What to work on: Word for word, restate the lines of the data below between those holding "7月17号下午,安徽三建公司" and "See loominguline komplekt", inclusive; pictures do not belong in the copy.

Entries taken from a collection:
== Segment start ==
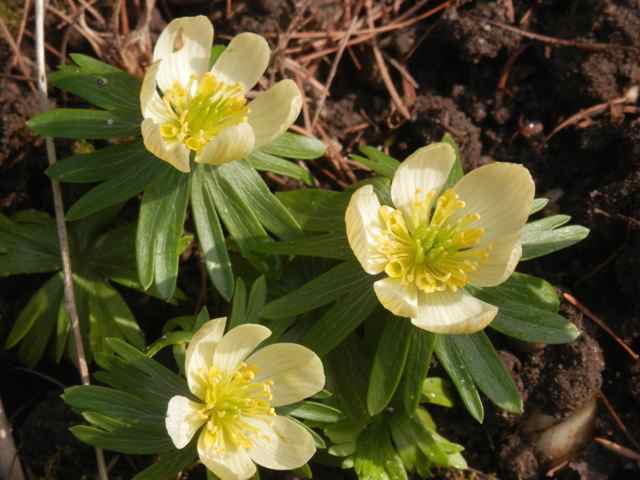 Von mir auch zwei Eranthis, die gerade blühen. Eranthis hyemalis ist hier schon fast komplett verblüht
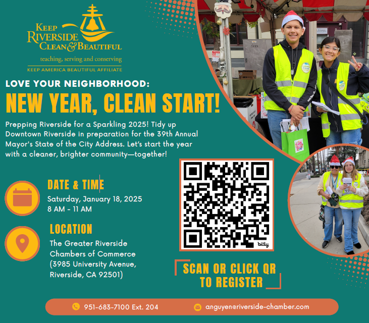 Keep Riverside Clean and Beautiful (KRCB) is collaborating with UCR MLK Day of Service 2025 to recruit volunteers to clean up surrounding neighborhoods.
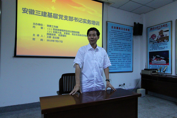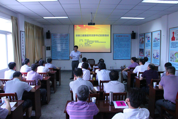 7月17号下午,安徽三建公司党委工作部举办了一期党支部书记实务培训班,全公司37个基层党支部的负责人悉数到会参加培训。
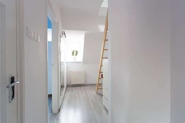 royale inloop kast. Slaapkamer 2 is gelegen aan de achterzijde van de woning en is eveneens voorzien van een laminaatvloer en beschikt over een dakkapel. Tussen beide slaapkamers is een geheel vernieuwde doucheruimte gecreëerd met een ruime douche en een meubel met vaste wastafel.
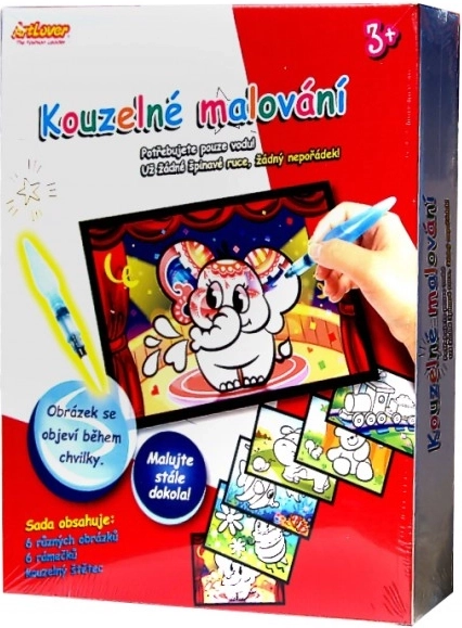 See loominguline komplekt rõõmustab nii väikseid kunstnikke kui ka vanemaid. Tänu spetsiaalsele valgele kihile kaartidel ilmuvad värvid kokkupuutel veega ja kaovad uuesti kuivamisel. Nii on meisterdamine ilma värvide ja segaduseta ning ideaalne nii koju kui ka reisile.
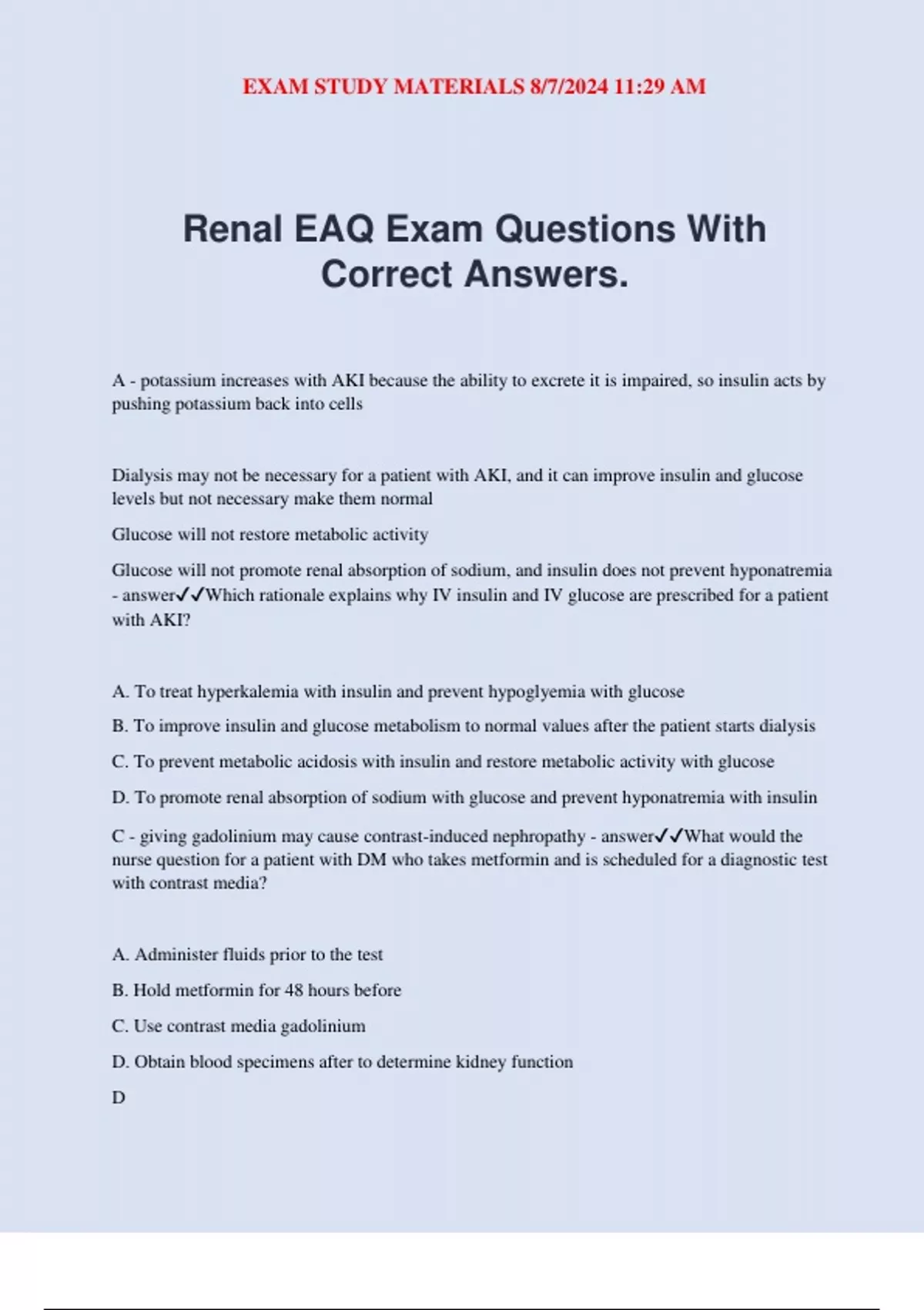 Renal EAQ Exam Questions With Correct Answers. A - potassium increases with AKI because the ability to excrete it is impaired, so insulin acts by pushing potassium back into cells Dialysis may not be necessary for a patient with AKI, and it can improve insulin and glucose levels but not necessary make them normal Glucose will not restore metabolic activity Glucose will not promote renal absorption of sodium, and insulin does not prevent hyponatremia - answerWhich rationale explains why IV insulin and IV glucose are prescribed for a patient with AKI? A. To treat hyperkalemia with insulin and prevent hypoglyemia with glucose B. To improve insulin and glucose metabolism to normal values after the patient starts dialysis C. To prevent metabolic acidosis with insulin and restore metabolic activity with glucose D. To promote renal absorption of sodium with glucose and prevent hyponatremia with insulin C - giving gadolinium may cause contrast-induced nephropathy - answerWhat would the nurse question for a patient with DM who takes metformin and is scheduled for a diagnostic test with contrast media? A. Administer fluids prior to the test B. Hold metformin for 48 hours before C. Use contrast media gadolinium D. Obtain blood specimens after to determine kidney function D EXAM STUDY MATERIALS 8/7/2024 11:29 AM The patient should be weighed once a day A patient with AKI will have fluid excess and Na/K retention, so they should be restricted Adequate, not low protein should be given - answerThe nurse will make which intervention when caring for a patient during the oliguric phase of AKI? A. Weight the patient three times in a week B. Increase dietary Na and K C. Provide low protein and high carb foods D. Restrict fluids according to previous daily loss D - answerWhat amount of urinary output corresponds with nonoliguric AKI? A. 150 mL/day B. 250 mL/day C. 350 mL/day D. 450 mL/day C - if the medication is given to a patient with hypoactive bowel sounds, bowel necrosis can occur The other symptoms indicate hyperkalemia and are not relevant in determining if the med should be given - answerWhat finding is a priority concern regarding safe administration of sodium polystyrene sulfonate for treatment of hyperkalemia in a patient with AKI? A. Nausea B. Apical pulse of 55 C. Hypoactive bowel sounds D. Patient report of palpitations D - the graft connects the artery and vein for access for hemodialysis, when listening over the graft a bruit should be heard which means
== Segment end ==
Result:
 7月17号下午,安徽三建公司党委工作部举办了一期党支部书记实务培训班,全公司37个基层党支部的负责人悉数到会参加培训。
 royale inloop kast. Slaapkamer 2 is gelegen aan de achterzijde van de woning en is eveneens voorzien van een laminaatvloer en beschikt over een dakkapel. Tussen beide slaapkamers is een geheel vernieuwde doucheruimte gecreëerd met een ruime douche en een meubel met vaste wastafel.
 See loominguline komplekt rõõmustab nii väikseid kunstnikke kui ka vanemaid. Tänu spetsiaalsele valgele kihile kaartidel ilmuvad värvid kokkupuutel veega ja kaovad uuesti kuivamisel. Nii on meisterdamine ilma värvide ja segaduseta ning ideaalne nii koju kui ka reisile.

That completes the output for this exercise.